Из китайско – русского словаря:
He ; he
- Прилагательное – бурый, коричневый, каштановый (цвет).
— черно – бурый (бурый) цвет:
— буропятнистый:
2. Существительное – сермяга, сермяжная (из грубой ткани) одежда, простая, простонародная одежда.
— если нет ни платья, ни сермяги, как дотянуть до конца года?
— сбросить сермягу (сменив её на одежду учёного чиновника, т.е. стать чиновником – см. аналогичное русское «Из сермяжников и в бархатники выхаживали!»
3. Имя собственное – Хэ (фамилия).
То есть «СЕРМЯГИН» по-китайски звучит так: ХЭ!
И вот вам иероглиф:
— СЕРМЯГИН
— ХЭ
С далекого востока континента Евразия перенесемся на запад. Испания.
Фламенко, гитары, шпаги, каравеллы, золото …Бой быков, таинственная мавританская архитектура, Castello — замки, католические соборы, апельсиновые деревья вдоль улиц городов с грудами ярко-оранжевых плодов на тротуарах, валяющихся как мусор, бесконечные, до самого горизонта, оливковые сады …Зной и сушь, а вокруг — Средиземное море и Океан, зовущий, манящий в дальние плавания, в томительную неизвестность …Эль Греко, Гойя, Пикассо, Сальвадор Дали … Гвадалквивир, горы Съерра Невада … Испания!
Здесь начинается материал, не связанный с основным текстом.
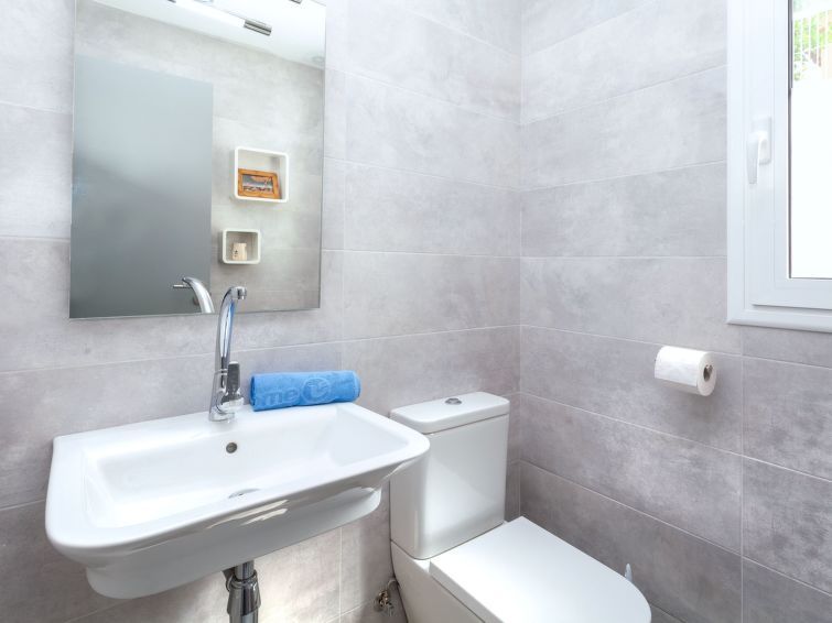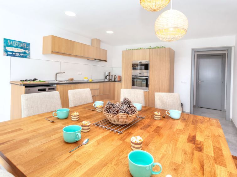 Beautiful and well-kept holiday home. Everything available in the kitchen to cook yourself (pots and pans). Simple but attractive decor. 3 modern bathrooms with toilet and 1 additional toilet on the ground floor. It is handy that there is a garage to store your car so that it always remains cool. There is also a large and beautiful roof terrace. Well located to go to the supermarket due to the limited distance. You can walk or cycle on the nearby vie verdes (green roads without car traffic).

Стало быть, на испанском «Сермягин» звучит так:
Don Abrigo de Sayal !
А?!
Красиво!
Музыкально!
А вот в центре украинской незалежности, Львове, утверждают, что слово это – сермяга – самое что ни на есть самостийное. Вот вырезки из украинских газет и словарей:
Кто он, откуда взялся на Запорожье — никто доподлинно не знал. Не известна даже дата рождения. Считали, что он — волох (молдаванин) из подпольских земель: пшекает, хоть и поет украинские песни. Даже слух был, что он — брат молдавского правителя Ивони… только удивительно, что прозвище у него такое бедняцкое — Сермяга. А бедняцкое, наверное, потому что (по некоторым данным) отец его был простым кузнецом в селе на Брацлавщине. Иваново село было расположено на левом берегу Южного Буга недалеко от Умани. Мальчик был способным, и отец отдает сына в одну из первых школ на Украине — Острожскую. Иван успел выучиться грамоте, но наука его оборвалась внезапно. Татары сожгли замок в Брацлаве, прошлись опустошительной ордой по селам Подолья. Юный Иван очень тревожился о судьбе родителей и соседской девушки Насти, которую мама называла невесткой; а когда с большими трудностями он добрался до родного села — перед ним лежало пепелище… С болью в душе и жаждой мести к чужеземцами появился Иван среди черкасских козаков; здесь начался его славный боевой путь. Вскоре храбрость, щедрость души, отвага и сила молодого козака вызывали симпатии его товарищей. Его полюбили на Сечи. А о его силе ходили настоящие легенды. Как свидетельствуют летописи, Иван был высоченного роста и крепкого телосложения. Сохранилась гравюра XVII века с изображением портрета Ивана Подковы. На ней есть надпись на польском языке: «Тот Подкова был такой силы, что не только ломал подковы, а и переламывал талеры. Когда втыкал талер в деревянную стену, то его можно было только вырубить. Взявшись за заднее колесо, он останавливал подводу, запряженную шестеркой лошадей. Дышло ломал через колено. Взяв зубами бочку меда, перекидывал ее через голову…» Так что перемена уличной клички из родного села «Сермяга» на кличку «Подкова» на Сечи вполне объяснима.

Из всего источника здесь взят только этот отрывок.